Okay, the model works, but again all in by itself it is not suitable for actually applying it in the real world. Let’s add two elements to make it into a full-fledged application – a simple GUI and data upload to cloud with pretty graphs. We will use LVGL library for creating graphical user interface and Microsoft Azure IoT Central service for sending data to and visualization. The resulting sketch is 693 lines long and has 3 concurrent threads running in RTOS. I spent about 2 days working on ML part of this project and 2 more making GUI, Azure and Edge Impulse work together. All good fun. Here is a quick recap of steps you need to make it work with IoT central.

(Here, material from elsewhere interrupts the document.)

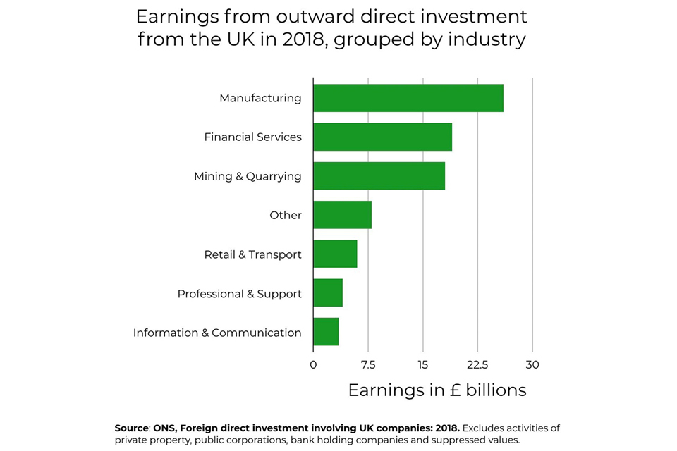 Earnings from outward direct investment from the UK in 2018, grouped by industry. Manufacturing is top, followed by financial services and mining and quarrying

The code for Azure IoT central connection is modified version of sketch from Seeed Japan Github, which in turn is based on Benjamin Kabe’s original work porting official Azure SDK for C to Wio Terminal. Both Benjamin and Seeed Japanese office used Platform.io with Visual Studio Code – while it is a great framework, which adds a lot of convenience, my tutorials are based on Arduino IDE and I didn’t want to change IDE just for one project. Porting code from VS Code to Arduino IDE is actually quite straightforward:
- I renamed main.cpp to sketch.ino and put the header files from include folder to sketch folder, together with source files.
- azure-sdk-for-c folder needs to be placed inside of Arduino libraries folder and you will need to install a bunch of libraries manually.
- Finally change these lines in Signature.cpp
#include <mbedtls/base64.h>
#include <mbedtls/md.h>
#include <mbedtls/sha256.h>
To just
#include "Seeed_mbedtls.h"
Install the necessary libraries:
https://github.com/Seeed-Studio/Seeed_Arduino_rpcWiFi#v1.0.2
=https://github.com/Seeed-Studio/Seeed_Arduino_rpcUnified#v2.1.1
https://github.com/Seeed-Studio/Seeed_Arduino_mbedtls#dev
https://github.com/Seeed-Studio/Seeed_Arduino_FS
https://github.com/Seeed-Studio/Seeed_Arduino_SFUD
https://github.com/sstaub/NTP
PubSubClient
https://github.com/lovyan03/LovyanGFX#0.3.4
https://github.com/ciniml/ExtFlashLoader
https://github.com/Seeed-Studio/Seeed_Arduino_LIS3DHTR
https://github.com/bxparks/AceButton
MsgPack
And it will compile as a normal Arduino IDE project. You can find it in this GIthub repository, under name WioTerminal_Azure_Central.ino, with all changes already made. After the sketch is uploaded, enter configuration mode by pressing three buttons on top of Wio Terminal and resetting the device. “In configuration mode” will be displayed on device screen. Connect to device with Serial monitor (baud rate 115200, carriage return) and set WiFi SSID, password and Azure IoT Central credentials (in the following format set_az_iotcyour_ID_scopeyour_primary_keyyour_device_ID
), which you can get by following these steps:
- Go to https://apps.azureiotcentral.com/
- If you don’t have a Microsoft account yet, register one.
- Go to Build -> Custom app. Enter the app name and unique URL (can be similar to app name). Choose Free plan.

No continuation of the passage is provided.